Writing functional code in C++ III – Performance of different allocation schemes - Luca Bolognese

Writing functional code in C++ III – Performance of different allocation schemes

Luca -

☕ 6 min. read

Now we know how to rep­re­sent records and we know how to op­er­ate on them us­ing a nice F# like syn­tax. But how do we store our record in a data struc­ture in the first place?

Code for this post is here. Thanks to Andy Sawyer and Steve Bower for re­view­ing this.

As it is of­ten the case, C++ gives you many op­tions that are not avail­able in stan­dard func­tional lan­guages. A mixed bless­ing of some sort.

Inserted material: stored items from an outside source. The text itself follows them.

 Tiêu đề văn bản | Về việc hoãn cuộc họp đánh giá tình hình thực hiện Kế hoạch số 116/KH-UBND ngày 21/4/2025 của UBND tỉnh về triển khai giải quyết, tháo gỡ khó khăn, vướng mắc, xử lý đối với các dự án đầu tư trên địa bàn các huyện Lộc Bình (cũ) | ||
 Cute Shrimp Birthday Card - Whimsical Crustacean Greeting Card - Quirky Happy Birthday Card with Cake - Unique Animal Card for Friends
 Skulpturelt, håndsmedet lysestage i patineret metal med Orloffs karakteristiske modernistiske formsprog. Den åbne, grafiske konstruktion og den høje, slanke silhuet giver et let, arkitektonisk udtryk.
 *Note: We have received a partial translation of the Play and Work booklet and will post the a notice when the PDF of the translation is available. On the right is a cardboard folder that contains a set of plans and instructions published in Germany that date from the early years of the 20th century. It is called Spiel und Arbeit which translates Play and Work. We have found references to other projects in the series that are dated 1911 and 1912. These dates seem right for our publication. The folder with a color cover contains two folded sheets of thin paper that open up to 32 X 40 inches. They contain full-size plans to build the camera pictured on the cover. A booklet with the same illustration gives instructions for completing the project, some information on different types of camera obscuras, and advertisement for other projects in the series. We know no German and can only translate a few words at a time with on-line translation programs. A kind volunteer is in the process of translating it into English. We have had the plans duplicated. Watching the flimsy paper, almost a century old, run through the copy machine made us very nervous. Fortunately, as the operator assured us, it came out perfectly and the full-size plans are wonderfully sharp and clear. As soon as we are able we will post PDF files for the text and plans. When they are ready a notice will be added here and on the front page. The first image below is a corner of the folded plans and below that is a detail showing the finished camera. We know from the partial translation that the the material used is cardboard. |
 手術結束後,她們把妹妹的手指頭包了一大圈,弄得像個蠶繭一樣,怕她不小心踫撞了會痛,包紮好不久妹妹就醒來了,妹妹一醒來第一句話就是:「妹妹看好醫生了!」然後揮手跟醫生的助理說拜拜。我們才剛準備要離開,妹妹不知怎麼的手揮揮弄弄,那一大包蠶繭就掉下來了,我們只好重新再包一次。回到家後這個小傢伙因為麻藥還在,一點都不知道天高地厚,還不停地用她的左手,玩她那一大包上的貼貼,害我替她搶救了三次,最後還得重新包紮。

  1. You can store them by value or by pointer
  2. If you store them by pointer, you can use nor­mal point­ers or smart point­ers
  3. If you store them by smart pointer, you can use dif­fer­ent ones

Well, stor­ing them by value is the sim­plest op­tion, but it has two short­com­ings:

  1. You pay the price of a full record copy when­ever the ob­ject need to be copied (i.e. when you add/​re­move records to/​from a vec­tor and when­ever the vec­tor needs to re­size it­self)
  2. If you store a record in two con­tain­ers, you get two dif­fer­ent copies of it. If you mod­ify one, the other won’t be mod­i­fied

The sec­ond is­sue is not a prob­lem in our sce­nario as records, by de­f­i­n­i­tion, are im­mutable and struc­turally equiv­a­lent (aka equal­ity for them does­n’t mean pointer equal­ity). The first is­sue is more tricky. Our records get a copy con­struc­tor by de­fault which does a memcpy’ of the ob­ject. That should be fast. But fast enough?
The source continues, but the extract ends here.